### Task directions
From the line that contains "Dekorační ptáček je" down to the last line of the entries, repeat every line exactly. Do not carry over the pictures.
═══ Provided material ═══
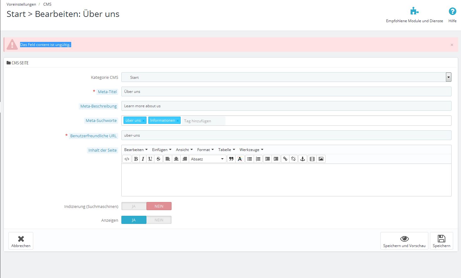 radioschwinn Posted August 24, 2016 Share Posted August 24, 2016 Good Morning dear Presta Community! I have the following problem: If I want to add some text at "content of the site" of my CMS site, I receive the message "The field content is invalid". I google since two days and I dont know what I should do.. Link to comment Share on other sites More sharing options...
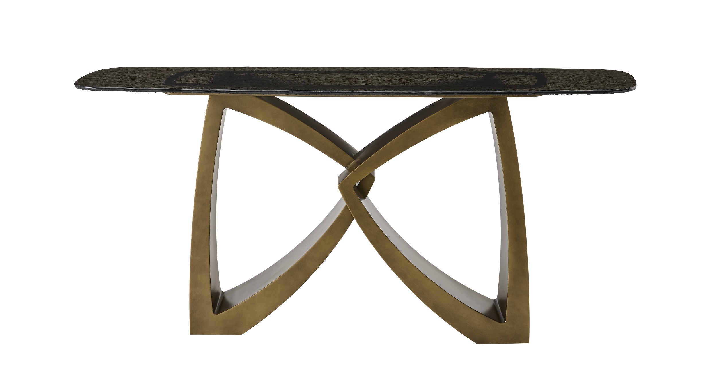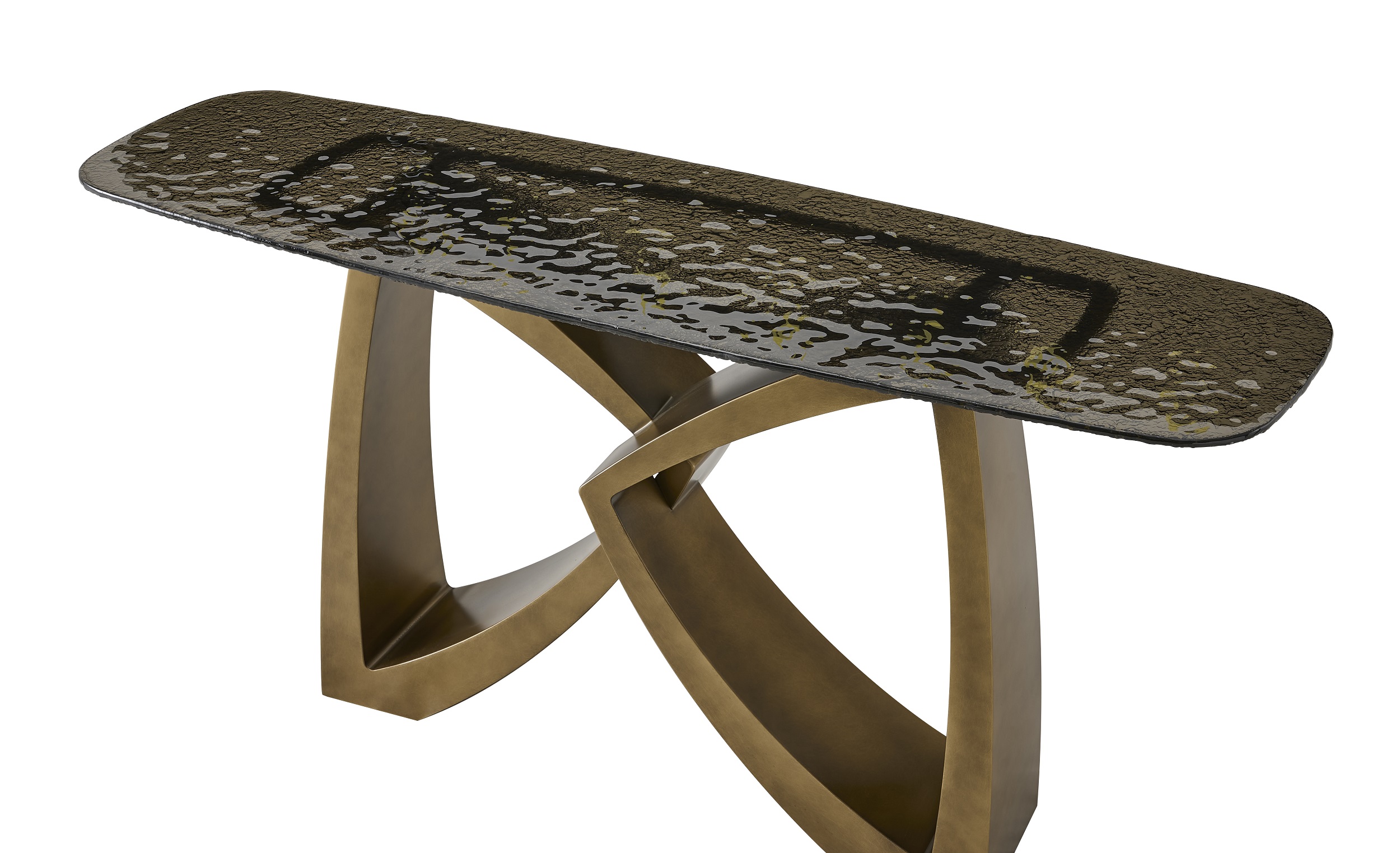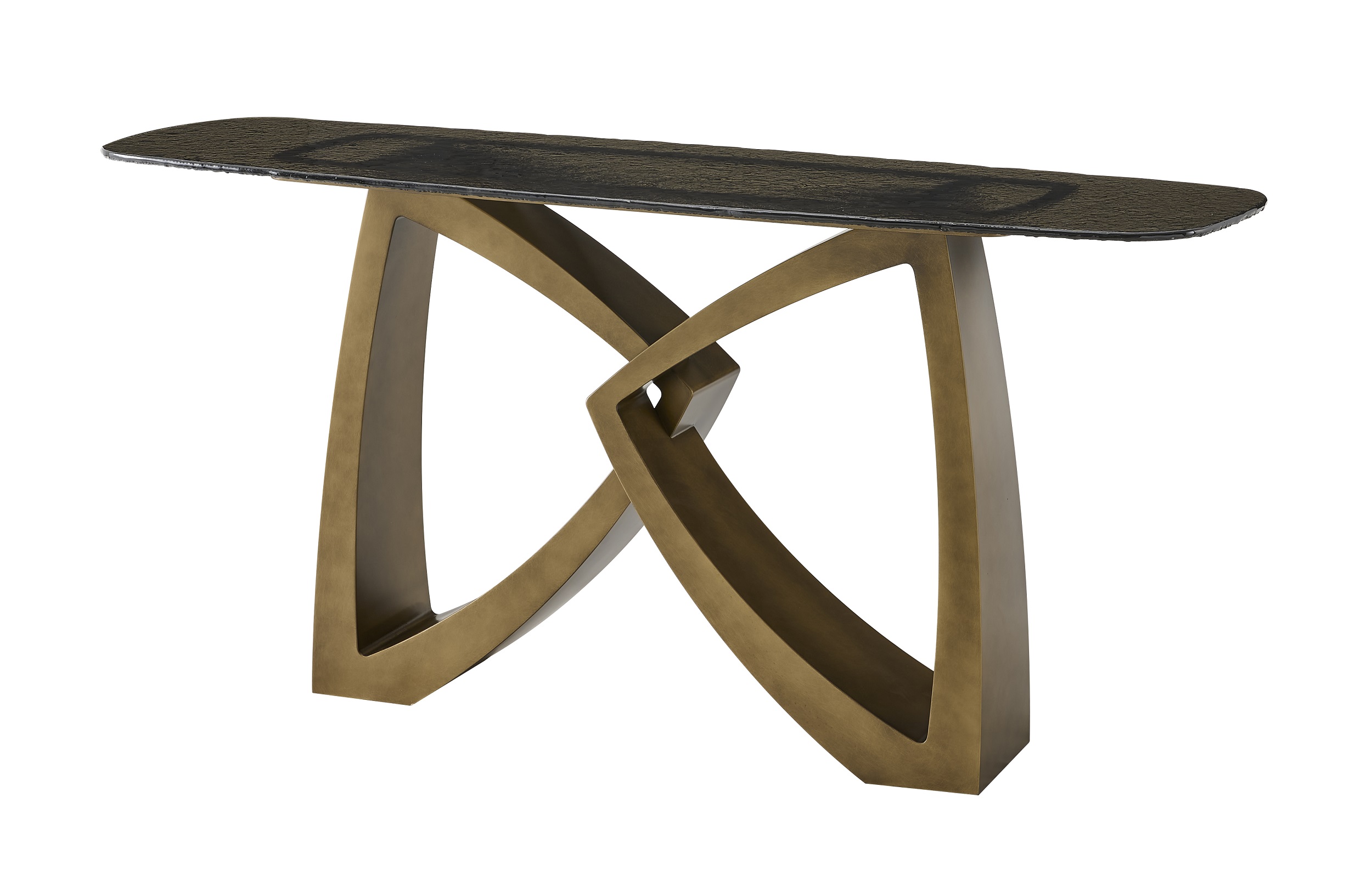 Столешница с закругленными углами выполнена из темно-коричневого стекла толщиной 12 мм. Поверхность стекла рельефная. Основа из металла, цвет - патинированная бронза TK01.
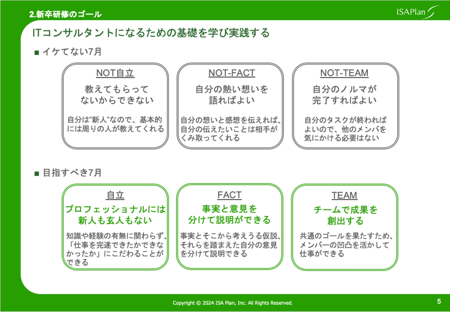毎年進化するアイエスエイプランの新卒研修ですが、今年の新卒研修は、①自立、②FACT、③TEAMというゴールを掲げてスタートしました。
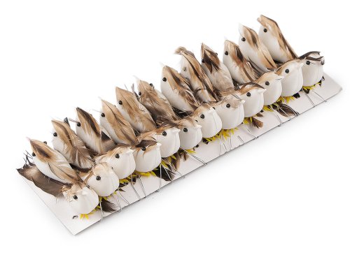 Dekorační ptáček je vyrobený z plastu a jeho tělo pokrývá barevné peří. Na nohách má připevněné dva kovové drátky, díky kterým můžete ptáčka připevnit například na věnec, větvičku, záclonu či ho naaranžovat do květinových vazeb. Ptáčci po 24 kusech jsou baleni v papírové krabici.
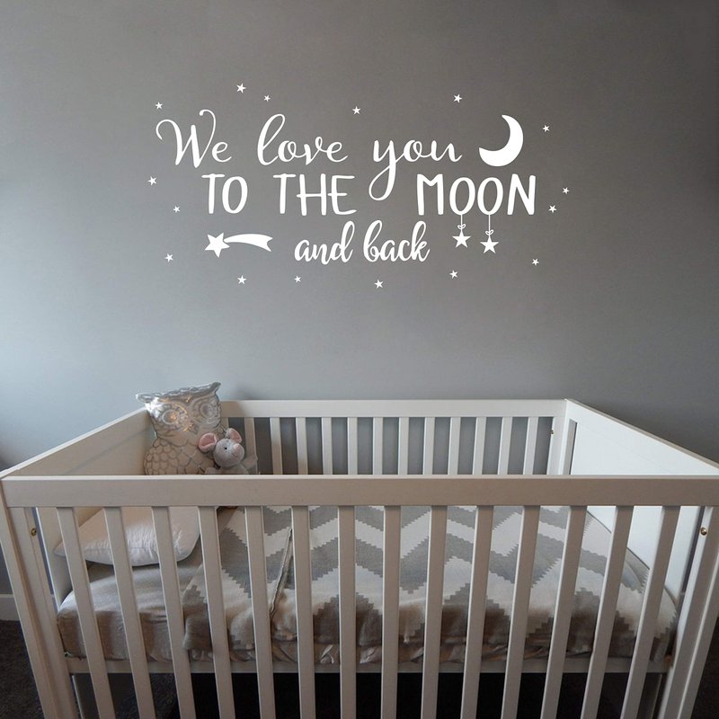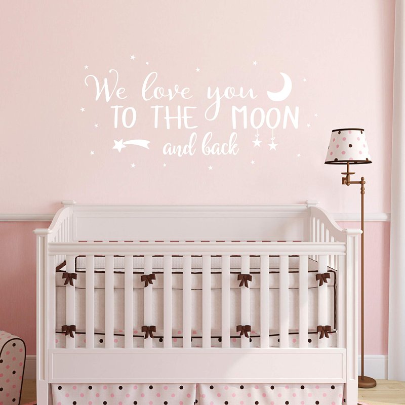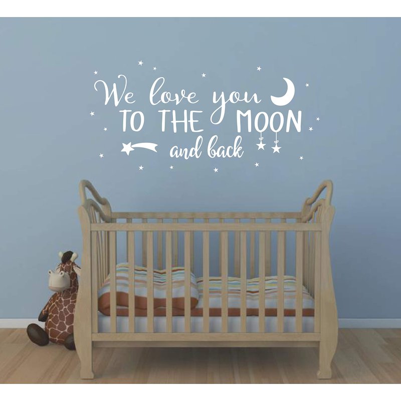Wall Decal Kids We Love You to The Moon and Back Quote Wall Decals Nursery Vinyl Wall Stickers for Baby Boys and Grils Bedroom Scandinavian Wall Decal (Y29) (White)
═══
### Solution for this task
 Dekorační ptáček je vyrobený z plastu a jeho tělo pokrývá barevné peří. Na nohách má připevněné dva kovové drátky, díky kterým můžete ptáčka připevnit například na věnec, větvičku, záclonu či ho naaranžovat do květinových vazeb. Ptáčci po 24 kusech jsou baleni v papírové krabici.
Wall Decal Kids We Love You to The Moon and Back Quote Wall Decals Nursery Vinyl Wall Stickers for Baby Boys and Grils Bedroom Scandinavian Wall Decal (Y29) (White)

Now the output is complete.